As Saunders presented a private member’s motion to broaden access to pension cash for private sector workers, he detailed the poor performance of many funds that are falling woefully behind inflation. Although he had previously taken the position that allowing people to raid their pensions was setting Cayman up for serious trouble down the line, he said he had now changed his mind.
Saunders said that the value of property in the Cayman Islands is such that people would be better off making sure their home is paid for before retirement than hoping there would be enough money in their pensions when they retire. Taking the money now and paying off a mortgage or reducing payments would give them more security than the current inadequate and failing system.

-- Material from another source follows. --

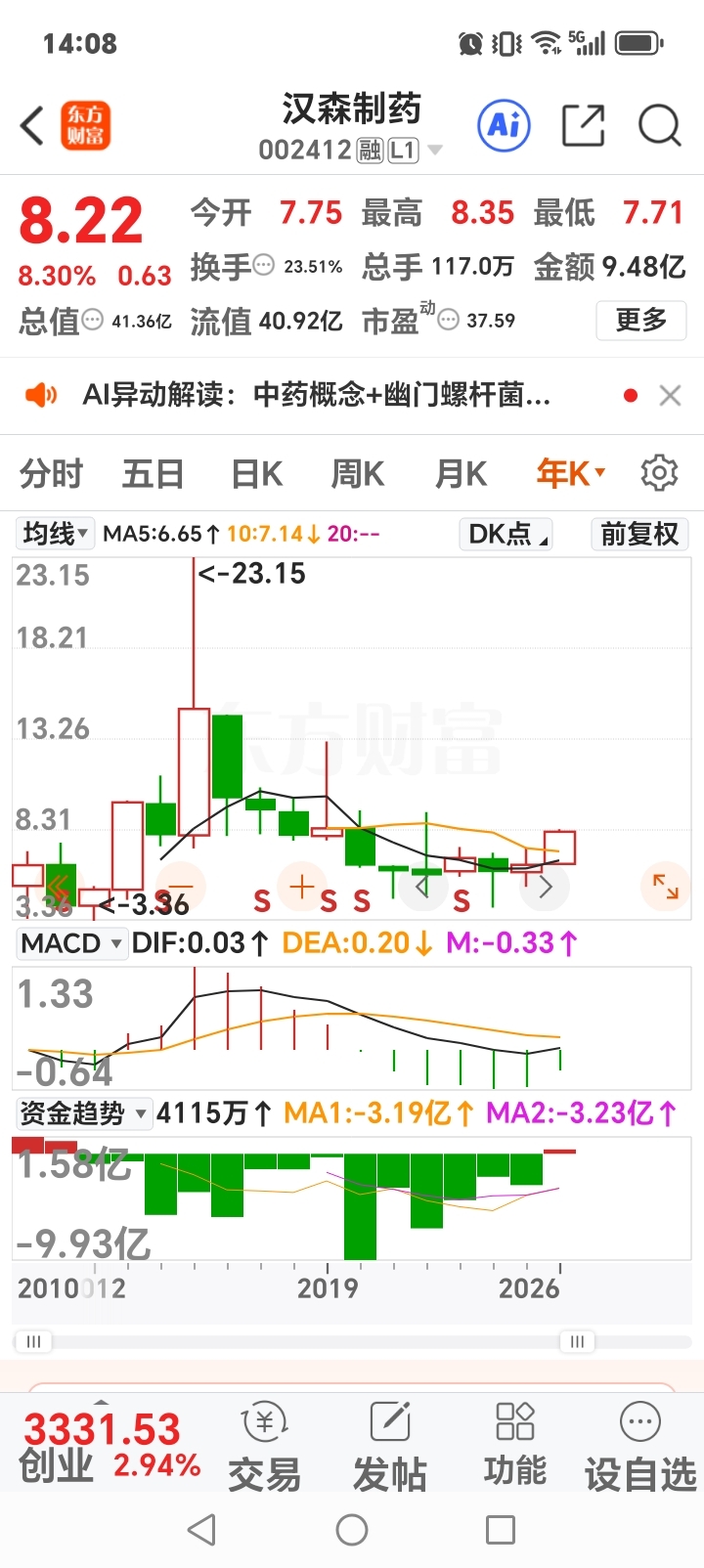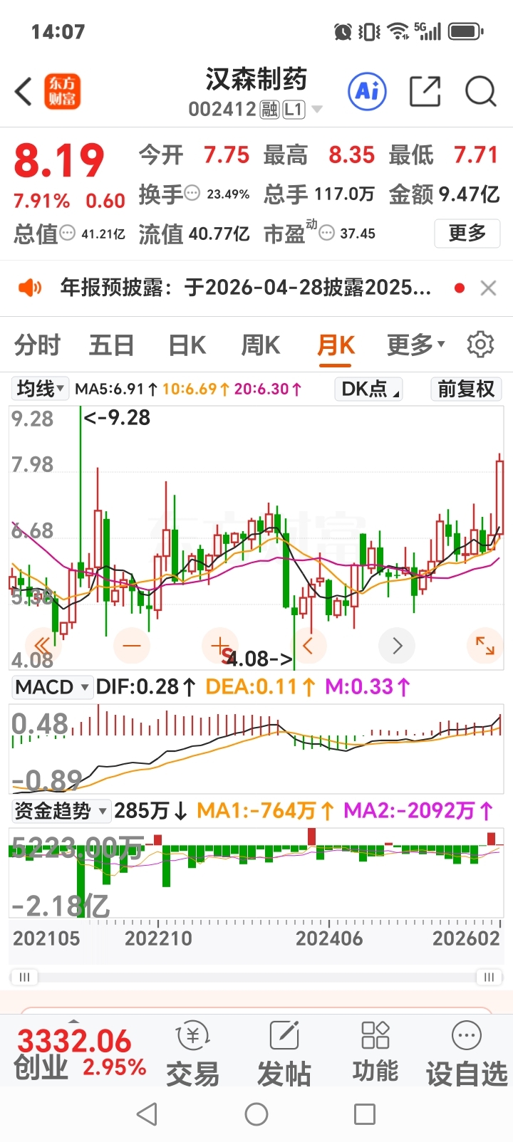 $凯龙高科(SZ300912)$ 这股的主力太厉害啊,每股业绩亏损二毛多钱, 股价还连续拉升四个20%的涨停板,太刺激了啊,太彪悍了啊, 而汉森制药业绩那么好,股价和市盈率那么低,只拉了一个涨停板,第二个涨停板就被打破了,收盘价才8.02元,太不可思议了啊,不知道汉森制药的主力是怎么想的,就那么向熊猫可怜吗?无能为力吗?胆小懦弱的吗?

“When the next generation goes to retire, what will their pension look like?” he said. “There is no greater investment that a person can make than in their own home and build up equity.”
He said Cayman’s real estate value had increased significantly over the last 10 to 15 years compared to the stock market in the United States, where pension managers are investing. Saunders said they were asking people to pay into pensions that are losing 10% or 12% while they are paying 10% interest on their mortgage.
“That makes no sense,” he said. The motion recognises the situation people are in, and by giving them access to a poorly performing pension, they can make their money work for them now when they need it to pay down their mortgages, he explained.
Premier Wayne Panton agreed with Saunders’ view that returns on pensions are currently poor, but he said they could improve. Nevertheless, he agreed that the system needs to be reformed and noted that the National Pensions Board was working on proposals to improve the system.
He explained that the members had agreed to form a select committee to enable the government to take a much closer look at the system and hear from stakeholders on both sides, paving the way not just for the changes called for in the motion but for wider reform.
After Saunders negotiated a number of amendments to his original motion, reducing some of the amounts slightly and removing a clause calling for people to be able to fund education with their pensions, the government accepted the proposal, and it passed through parliament unanimously.
If the motion becomes law, it will allow each person paying into a mandatory pension scheme to take out up to CI$50,000 to apply for a mortgage or land loan or up to CI$100,000 to pay off a mortgage in full. Couples can apply their individual withdrawals to the same property, which means that they could pay off mortgages up to $200,000 or take up to CI$100,000 for a deposit.
Posting on his social media platforms following the debate, Saunders said the goal now was to get the changes to the National Pensions Act drafted as quickly as possible.
“I recognize that this is not the ultimate solution but it’s a step in the right direction,” he said. “Doing nothing wasn’t an option. Parliament will be establishing a select committee to review the impact of the above as well as make recommendations to ensure the adequacy and viability of the pension funds registered in the Cayman Islands.”
But all of that may still take some time. The current rules around withdrawing from a pension remain in place, and only Caymanian first-time buyers can take $35,000 from their pension to buy a home or land. They can also withdraw the same amount if it’s enough to pay off a mortgage in full, but there is currently no provision to take money to pay down a home loan in part.
Saxon, the agents for Silver Thatch Pensions, sent out an email to its members Monday, pointing out that the proposal to amend section 52(a) of the National Pensions Act is not yet law.
“The approval of the motion is just the initial step in a comprehensive process that includes drafting a bill, Cabinet approval, governor’s approval, publication in the official Gazette, and the issuance of a commencement order,” Silver Thatch officials said. “Until all these steps are completed, the current law and requirements for property withdrawal remain in effect.”
As he wrapped up his debate, Saunders said that politicians had an obligation to put the right systems in place to enable the people of the country to do well.